Если вы хотите автоматически войти в систему с помощью ваших SSH-ключей, вам просто нужно установить PuTTY, Pageant и KeePass с KeeAgent. Если вы настраиваете его правильно, вам не нужно настраивать ключи в PuTTY, Pageant или FileZilla.

Я использую это сам, и я очень рад этому. У меня есть более 30 VPS и Root Server с определенным количеством различных SSH-ключей, и единственное, что мне нужно сделать, это открыть KeePass (это не мой основной пароль, безопасный), а затем мне просто нужно ввести в консоль мою пароль.

CentrixDE
источник
3

Я бы порекомендовал хранить закрытые ключи:

  • в автономном режиме (не в облаке)
  • в более чем одном месте
  • кроме всего, что связано с ним, например, ключа для ваших зашифрованных данных, храните его отдельно от данных

Я бы сказал, лучшее место было бы:

  • внешний жесткий диск
  • флэш-ключ
  • компьютер не подключен к интернету

Еще лучше, просто распечатайте его и положите в пожаробезопасный сейф.

вздор
источник
4
Безопасность / лучшие практики работают рука об руку с практичностью. Если стратегия безопасности ограничивает возможность использования системы, она будет обойдена пользователем, а не злоумышленником.
zaTricky
1

У меня есть tar-файл, в котором есть мои настройки пользователя (.bashrc, .ssh / и другие файлы конфигурации), которые я храню в безопасном месте. Когда я получаю новую учетную запись оболочки, я распаковываю в нее файл tar.

Вы должны размещать свои закрытые ключи только на тех серверах, которым доверяете, в противном случае вы должны создать новый закрытый ключ на сервере только для этого сервера и разрешить ему доступ к вещам, к которым вы хотите иметь доступ.

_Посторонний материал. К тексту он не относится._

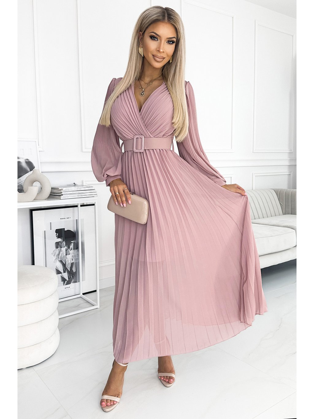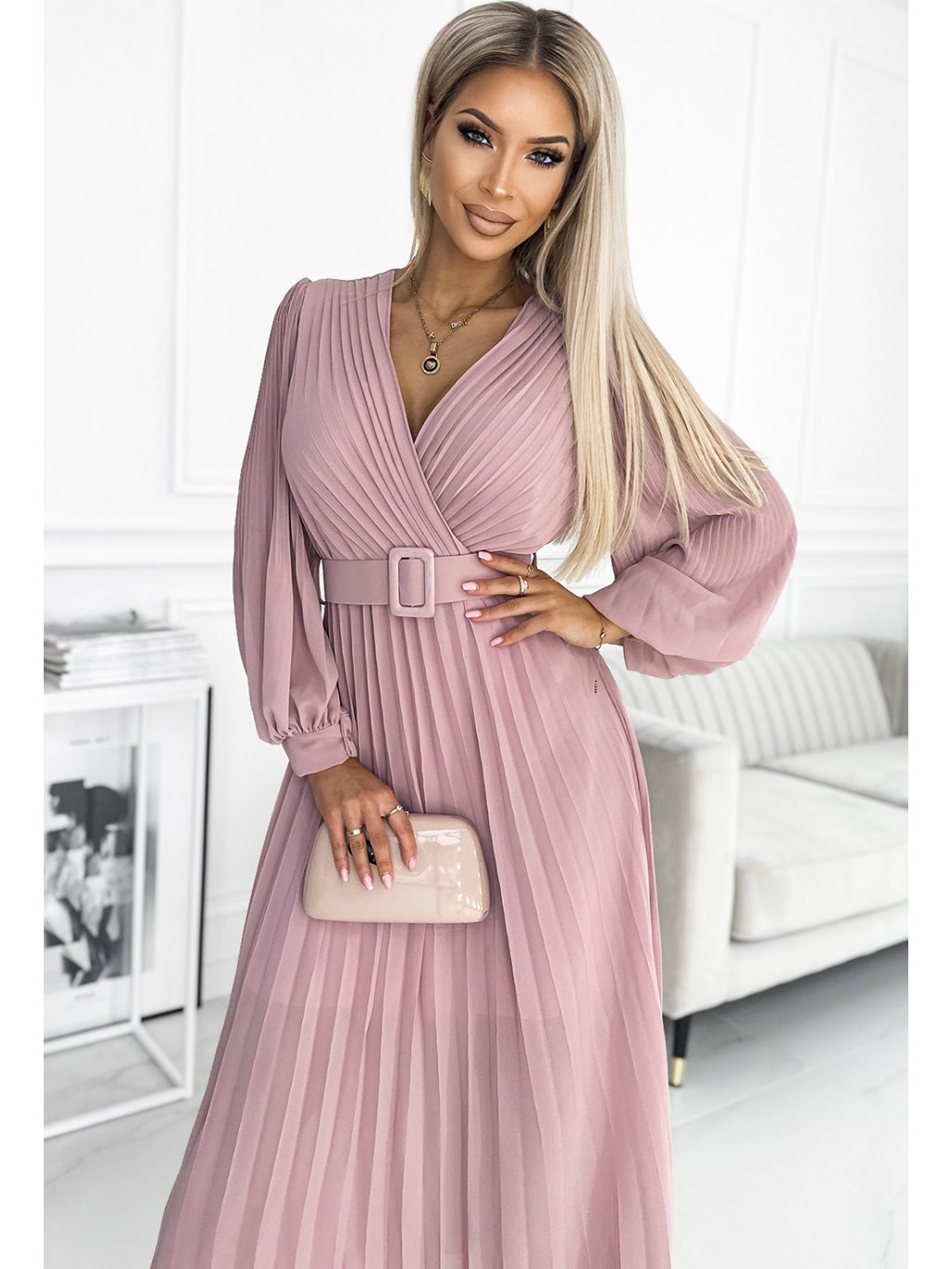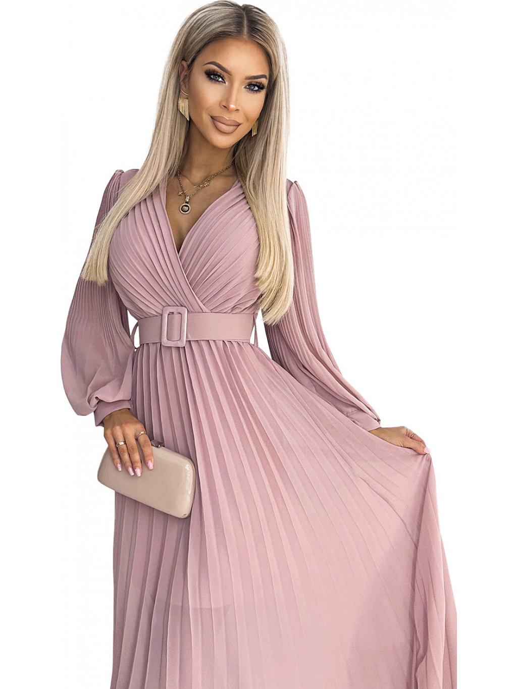 Skladané púdrové šifónové šaty s dlhými rukávmi a opaskom KLARA

Лично мне удобно просто копировать мои .ssh / вещи везде (это также означает, что обычный ключ ssh мгновенно получает доступ к ssh, так как он уже находится в файле author_keys).

EightBitTony
источник
Я предполагаю, что шифрование ~ / .ssh, висящего на флешке, избавит от необходимости генерировать и загружать новый ключ в случае аппаратного сбоя. Однако, поскольку у меня очень мало серверов, к которым я использую ключи SSH (и очень мало машин, к которым я подключаюсь), генерация новых ключей не вызовет больших накладных расходов.
Антон Строгонов
2
Это лошади для курсов и зависит от того, почему вы используете ключи. Я не вижу проблемы при копировании закрытого ключа ssh по уже зашифрованной ссылке SSH. Но если вы не доверяете целевому компьютеру и не знаете, кто имеет root-доступ, вы не должны помещать на сервер ничего, что вы не можете позволить себе потерять.
EightBitTony
Вы не хотите помещать свой закрытый ключ на чужой сервер. Любой пользователь с доступом Root на этом сервере может прочитать ваш закрытый ключ, а затем он может выдать себя за вас в системах, к которым вы получаете доступ с помощью этого закрытого ключа. Вы должны только поставить свой открытый ключ для доступа к серверу. И не думайте, что ключевая фраза очень помогает, если вы используете ее на удаленной машине для расшифровки закрытого ключа.
Codeguy007
Вы можете переслать ssh-agent через ssh. Таким образом, вам не нужно хранить закрытый ключ на сервере или отправлять вашу фразу-пароль по сети. stackoverflow.com/questions/12257968/…
Codeguy007
1

Вы можете хранить ваши ключи ssh в отдельном каталоге внутри зашифрованного раздела. Затем вы можете использовать ssh, указывая на этот каталог -i:

ssh -i identity_file me@example.com

Полное описание ( man ssh):

-i identity_file

Выбирает файл, из которого читается идентификатор (закрытый ключ) для аутентификации с открытым ключом. По умолчанию используется ~ / .ssh / identity для протокола версии 1 и ~ / .ssh / id_dsa, ~ / .ssh / id_ecdsa, ~ / .ssh / id_ed25519 и ~ / .ssh / id_rsa для протокола версии 2. Файлы удостоверений могут также указывается для каждого хоста в файле конфигурации.
Можно иметь несколько параметров -i (и несколько идентификаторов, указанных в файлах конфигурации). Если в директиве CertificateFile явно не указано никаких сертификатов, ssh также попытается загрузить информацию о сертификате из имени файла, полученного путем добавления -cert.pub к именам идентификаторов.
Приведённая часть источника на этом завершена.